Он вздохнул и ушёл в большую спальню. Она долго не могла уснуть, думая о Паралее. Паралея оживала в ней. Нет, это не её фантазии. В подземной глубине родной планеты остался прах её родных и любимых людей. Ведь они не были миражами, как не мираж она сама. Но их уже нет. Нигде. Они стали спрессованной породой глубин, не они, а их тела. А их души, их мысли, их желания и чувства, где они? Их любовь к ней? И где лежит та Азира, неизвестно кем и за что убитая…

Насколько же и трудно было узнать в той дряни, кем она стала, ту девушку, которая когда-то сидела с ней и с Элей на скамейке в тени раскидистых деревьев. Память Нэи нырнула в тот период, когда детство переходит во взросление, и ещё не успевает, уходя, поспешно отнять у души человека свою лучезарную лёгкость. Она как шлейф тянется за ним какое-то время, продолжая обволакивать того, кого детство вынуждено оставить, иллюзорной безопасностью и завораживающей красотой мира. После враждебного детства настали дни девичьего мира. Азира подошла как-то и обратилась к Нэе, – У вас в школе есть модельеры, которые шьют недорого? У меня скоро конкурсный показ.

– Спрошу у своих сокурсниц, – милостиво снизошла к ней Нэя, разглядывая вблизи её заношенную тунику. Явно чьи-то обноски. Сама она ни за что не желала шить для Азиры.

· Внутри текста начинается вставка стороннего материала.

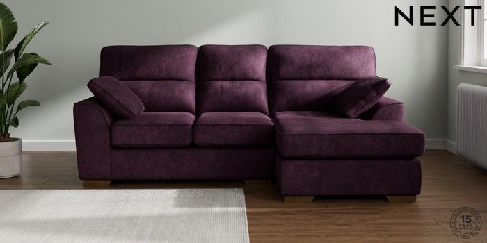 7.2.10 Buy Stamford Highback Small Sofa Chaise - Right Hand Plush Chenille Dark Plum Purple Large Square Angle - Mid from the Next UK online shop Click here to use our accessible website
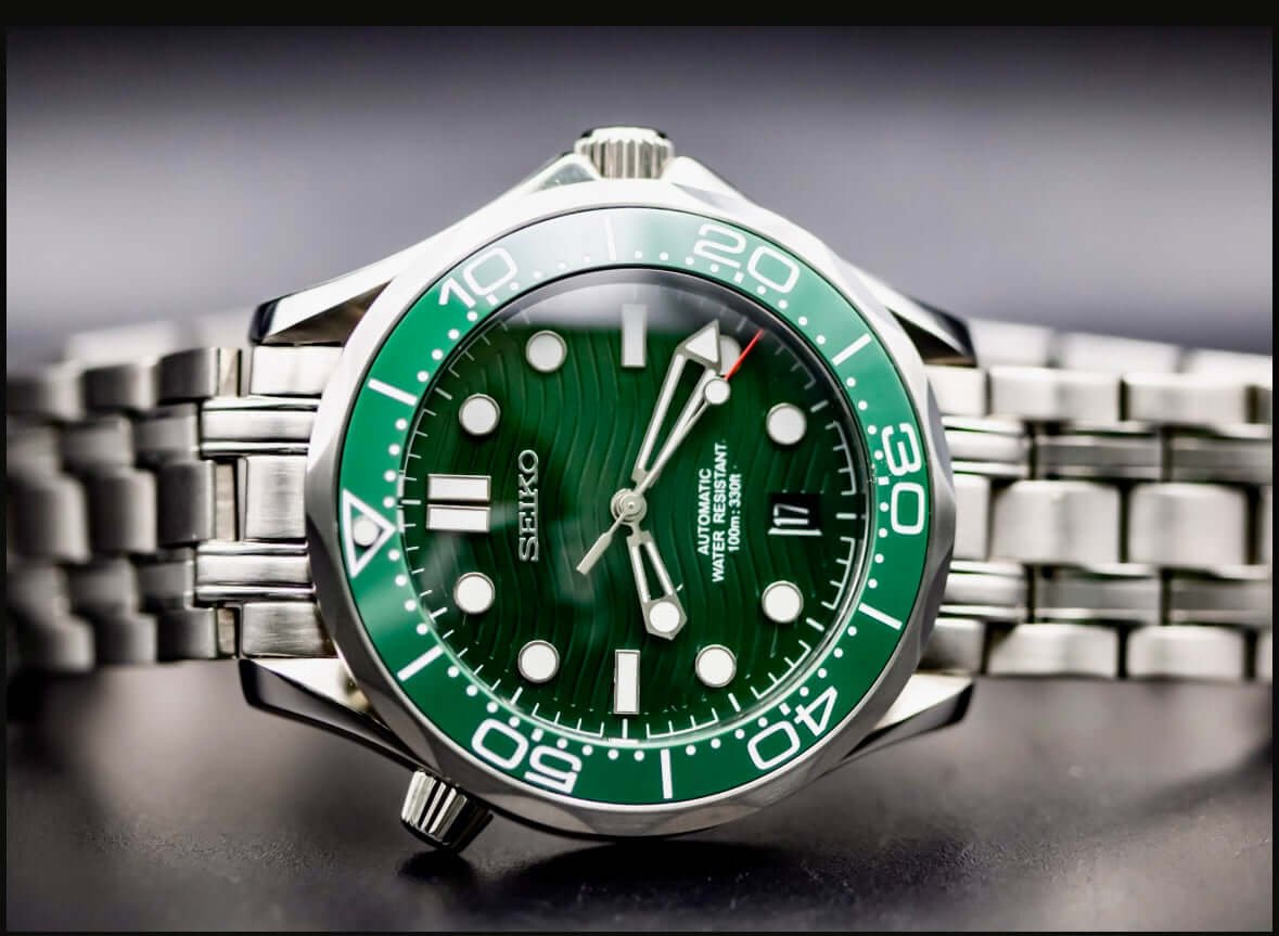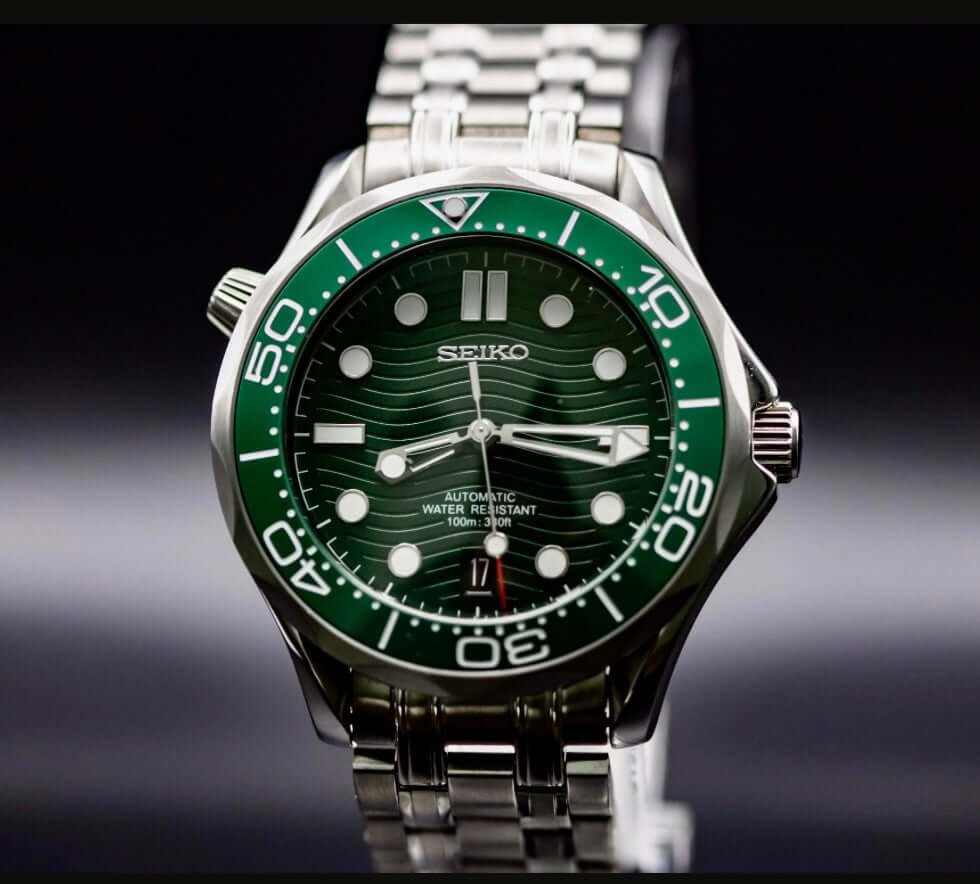 Elevate your style with the Seiko Mod Green Seamaster watch, a custom Seiko NH35 Automatic Watch, inspired by the iconic Seamaster design. This unique timepiece features a Green dial, Green bezel encased in a 40mm stainless steel frame, offering a blend of elegance and precision for watch enthusiasts.

– Я получила деньги за своё первое выступление. Хочу потратить на покупку платья для конкурса. Мне бы такое, какие носишь ты. Я бы всех там превзошла.

Крона дерева отбрасывала розовую тень на похорошевшее лицо бывшей замарашки и делала его краше и тоньше. Гораздо добрее, чем была она в детской своей заброшенности.

– Я ходила в Храм Надмирного Света. Попросила Его, чтобы он дал милость твоей бабушке за то, что она дала мне возможность счастливой жизни. И я буду счастлива, буду. Я уже всех лучше в нашей школе. Но у нас лютое соперничество. А у вас как?

– Не так чтобы и доходило до открытой ненависти. Но всякие есть, конечно.

– А у нас одни подлюги. Ребята мне, правда, проходу не дают. Парни хватают за руки даже на улице. А ты как? Не боишься ходить одна?

– Я не хожу гулять далеко. Не хожу в сад Свиданий. Только в школу и обратно, иногда к подругам. А так всё время с бабушкой. Или с женихом. У него же машина и личный телохранитель.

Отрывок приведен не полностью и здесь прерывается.